4. Myth, Baseball, and the Meaning of Life
In this summer course at the College of Charleston (Charleston, SC), college students take a critical look at many of the myths that have grown around baseball and use the sport as a mirror to understand the "experience of life" of America, its citizens, and its institutions. Should baseball really be considered our national pastime?

5. Spirituality of Running
This religious/theological studies course at Merrimack College (North Andover, MA) explores what is meant by "spirituality" and analyzes prayer, sacraments, and pilgrimage as ways of understanding running.
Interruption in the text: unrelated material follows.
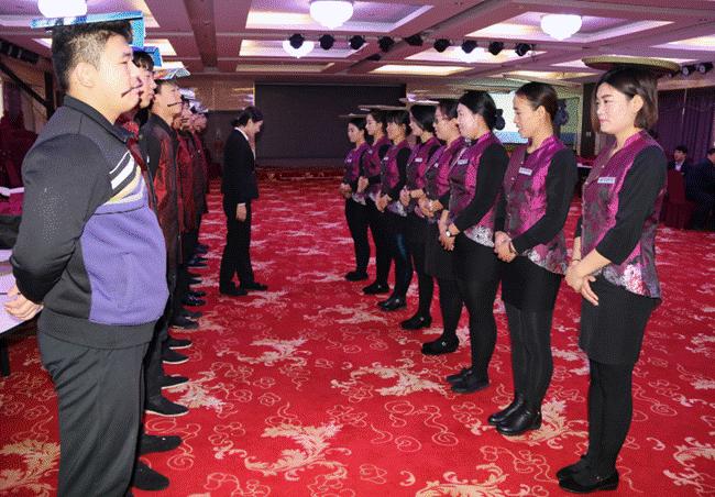 餐飲服務業(yè)是社會文明的窗口,餐飲業(yè)的服務質量是酒店日常管理的中心工作。全體員工都要有質量意識,管理人員更要樹立服務質量觀念。黃驊華悅凱旋大酒店為了提檔升級,打造精品,以提升服務質量為著點,將酒店培訓工作做扎實、做到實處,近日組織開展了一系列培訓工作: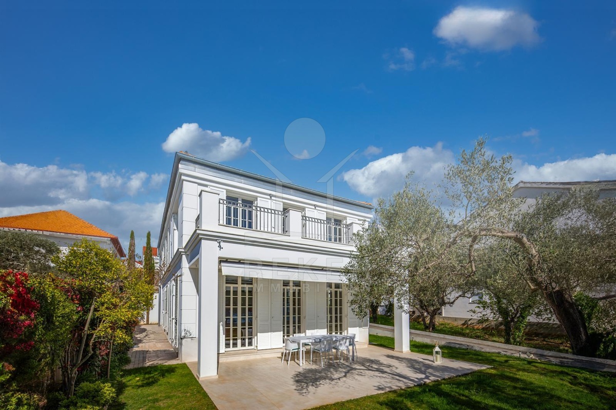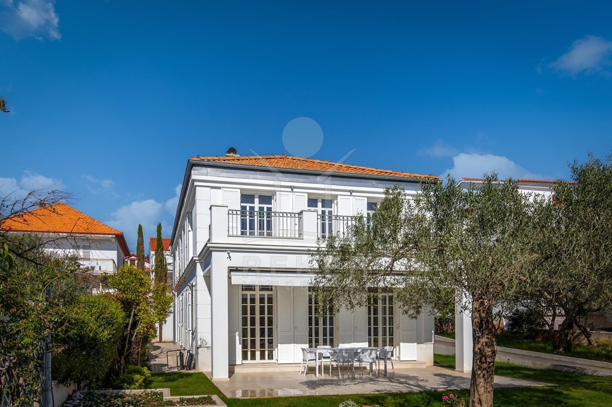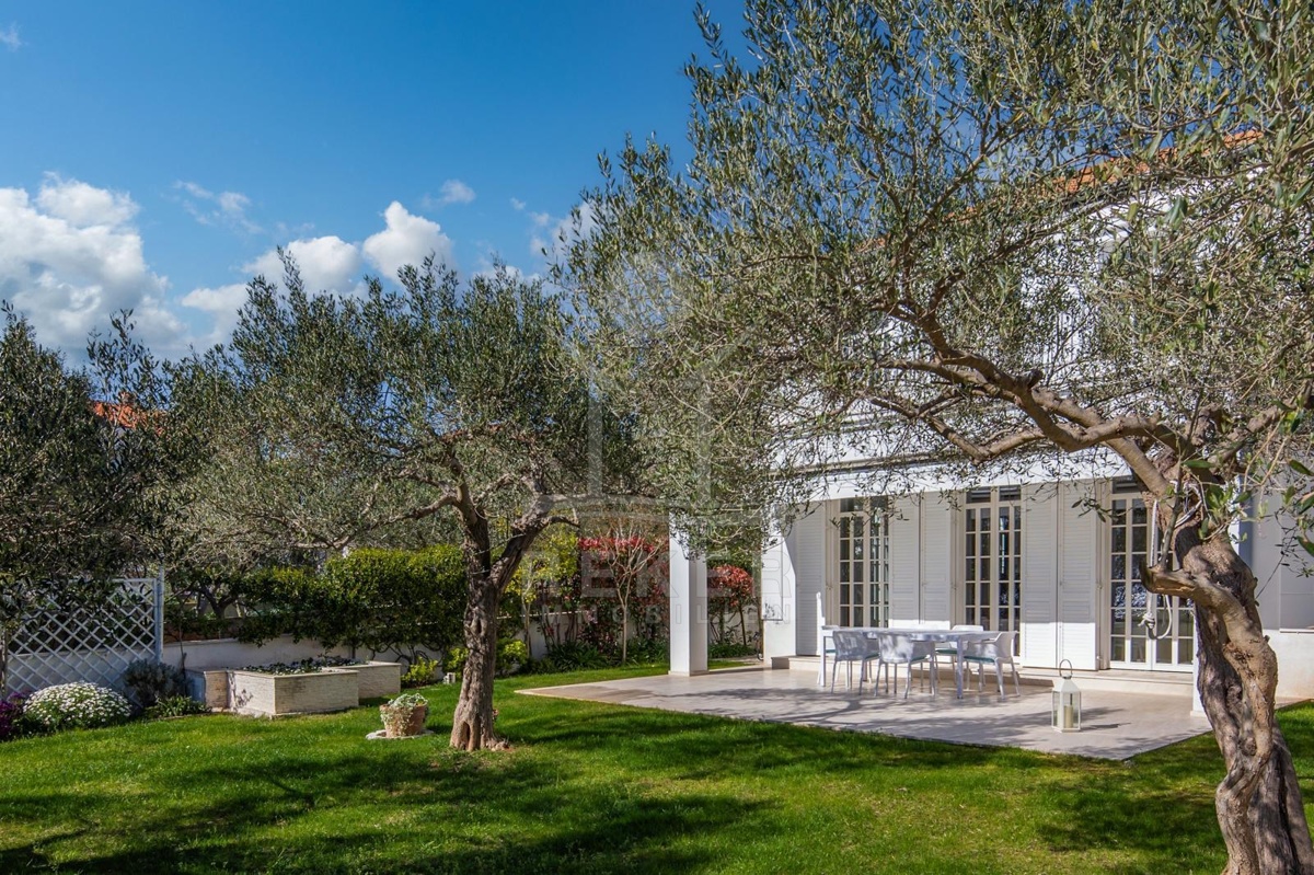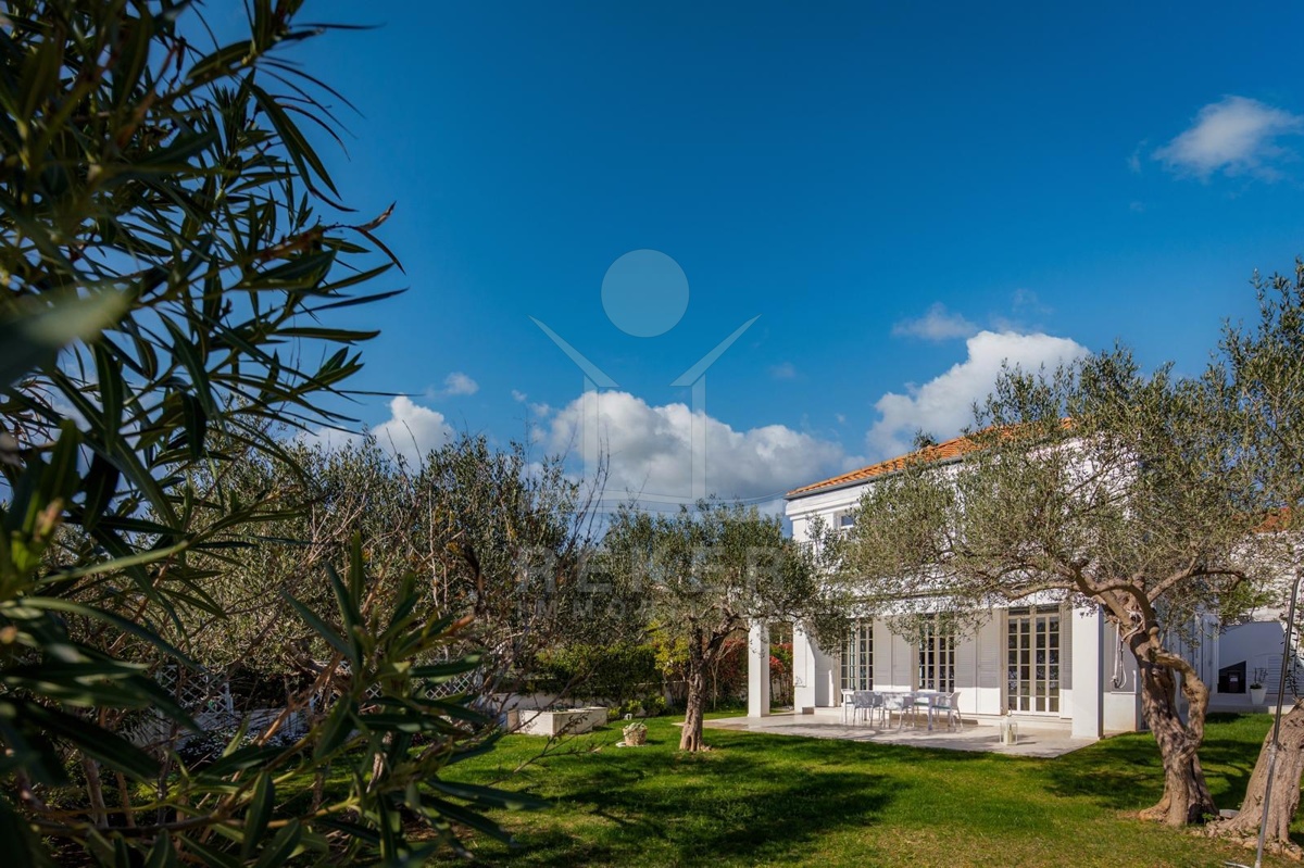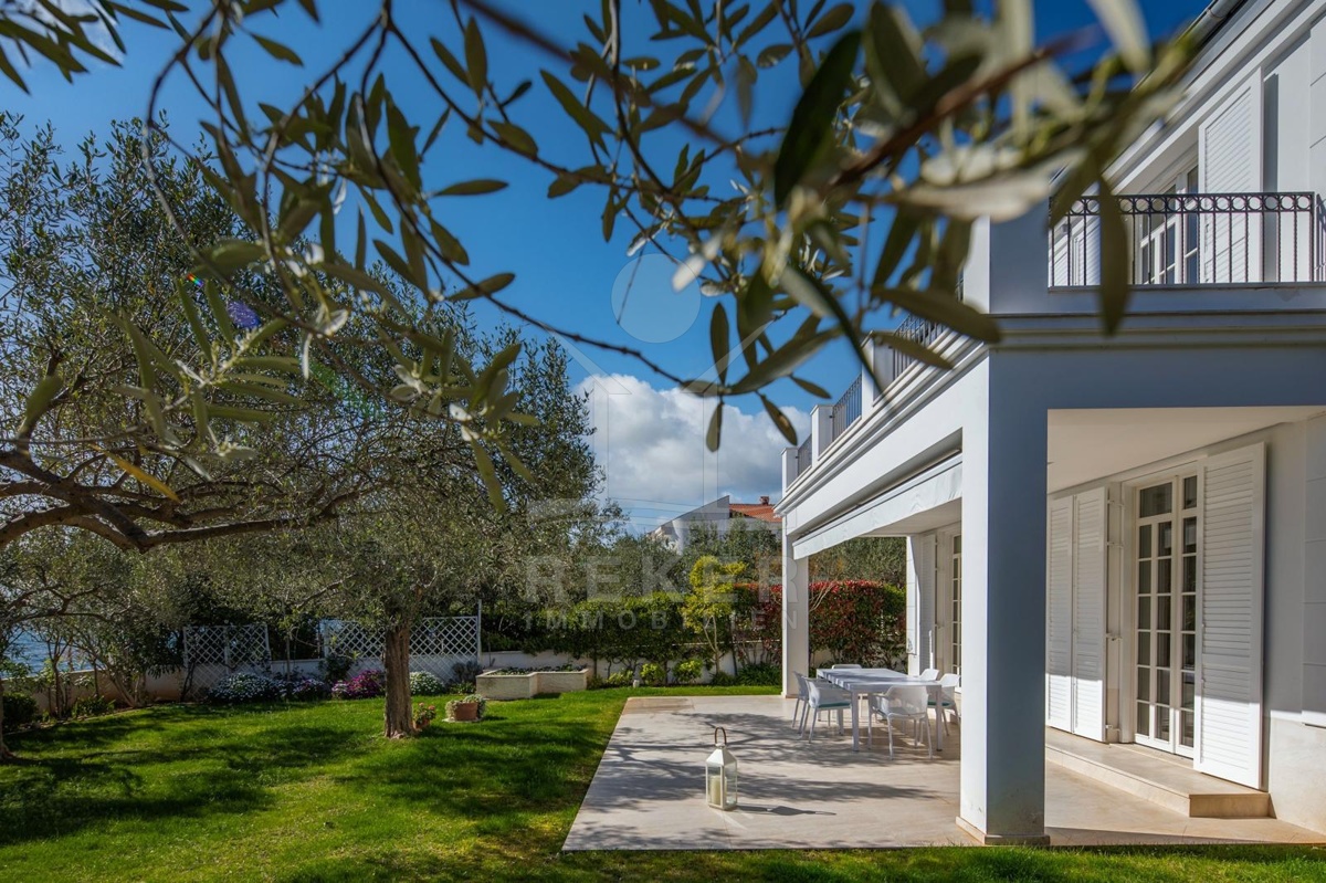Das Grundstück von etwa 600 Quadratmetern ist sorgfältig gestaltet: ein gepflegter Rasen, alte Olivenbäume und eine überdachte Terrasse mit Markise schaffen eine Atmosphäre von Ruhe und Privatsphäre. Hier genießen Sie das Rauschen der Wellen und den freien Blick auf die Adria. Die Hauptterrasse lädt zum Essen im Freien ein, während die große obere Terrasse ideale Bedingungen für Sonnenbäder oder entspannte Abende mit Meerblick bietet.

College students' actual experience with running is shared, along with ways that running creates a connection with the world around us and with God.

6. Super Crunching: Google Data Mining and Beyond
First-year students enrolled in this seminar course at The College of New Jersey (Ewing, NJ) examine the data mining component in the Google operation. College students also study the applications of data mining by Amazon.com, Yahoo, Blockbuster, eHarmony.com, and others to provide better services related to daily life.

7. City at Night
Dumpster diving, ghost hunting, and the Chicago Transit Authority are among the subjects that students are exploring in a new college course at DePaul University (Chicago, IL). College students in the 10-week urban communication and culture course, which meets from 10 p.m. to 1 a.m., are also learning about the death of neighborhood taverns and helping night ministry workers feed the homeless.

8. The Beatles in London
This three-credit, Indiana University (Bloomington, IN) School of Music overseas college course offers an in-depth look at the music, lives, and times of the Beatles. Afternoons in London are devoted to Beatles-related walking tours, subway journeys, and bus trips, and a six-day trip to Liverpool is included.

9. Mythic Rhetoric of the American Superhero
Students in this college course at the University of North Texas (Denton, TX) study common superhero themes of power, leadership, redemptive violence, and vigilante justice via comic books, graphic novels, movies, and the writings of Nietzsche and other philosophers.

10. The Science of Happiness
This college course at the University of South Florida St. Petersburg explores the psychology of happiness and includes assignments -- like writing a letter to someone and making a list of what you're grateful for -- that are designed to help students be happier by the end of the course. By their own assessment, almost all the college students feel happier by the end of the course.